DESCRIPTION OF THE TASK: Two lines mark the range in the entries below: the one holding "DAY 15 - White" and the one holding "The 2021 Subaru". Set down those two and all lines between them, exactly.

RECORD SET:
________________________
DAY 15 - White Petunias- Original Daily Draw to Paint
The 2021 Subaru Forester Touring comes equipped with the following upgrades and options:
________________________
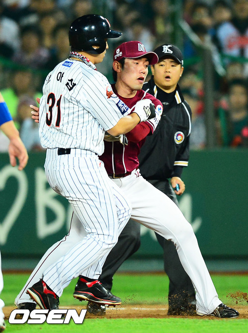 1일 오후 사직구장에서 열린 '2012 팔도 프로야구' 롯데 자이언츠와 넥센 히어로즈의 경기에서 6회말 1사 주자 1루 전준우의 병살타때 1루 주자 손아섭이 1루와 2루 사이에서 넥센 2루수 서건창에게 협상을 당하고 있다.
________________________
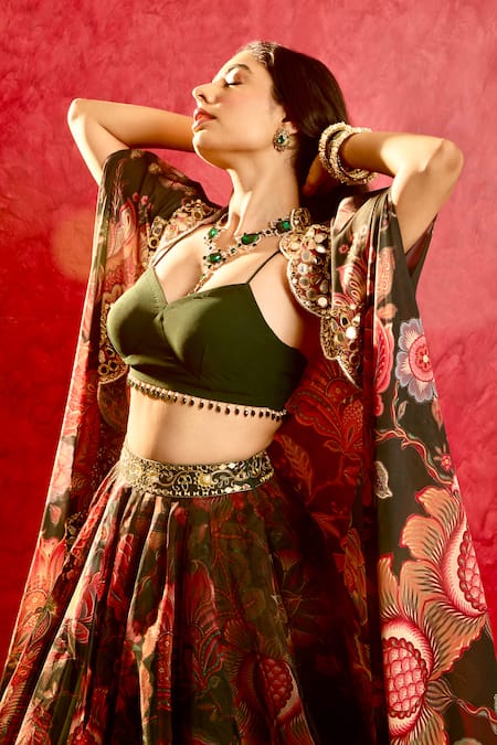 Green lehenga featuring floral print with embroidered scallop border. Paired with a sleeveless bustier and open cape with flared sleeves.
________________________
TASK ANSWER:
DAY 15 - White Petunias- Original Daily Draw to Paint
The 2021 Subaru Forester Touring comes equipped with the following upgrades and options:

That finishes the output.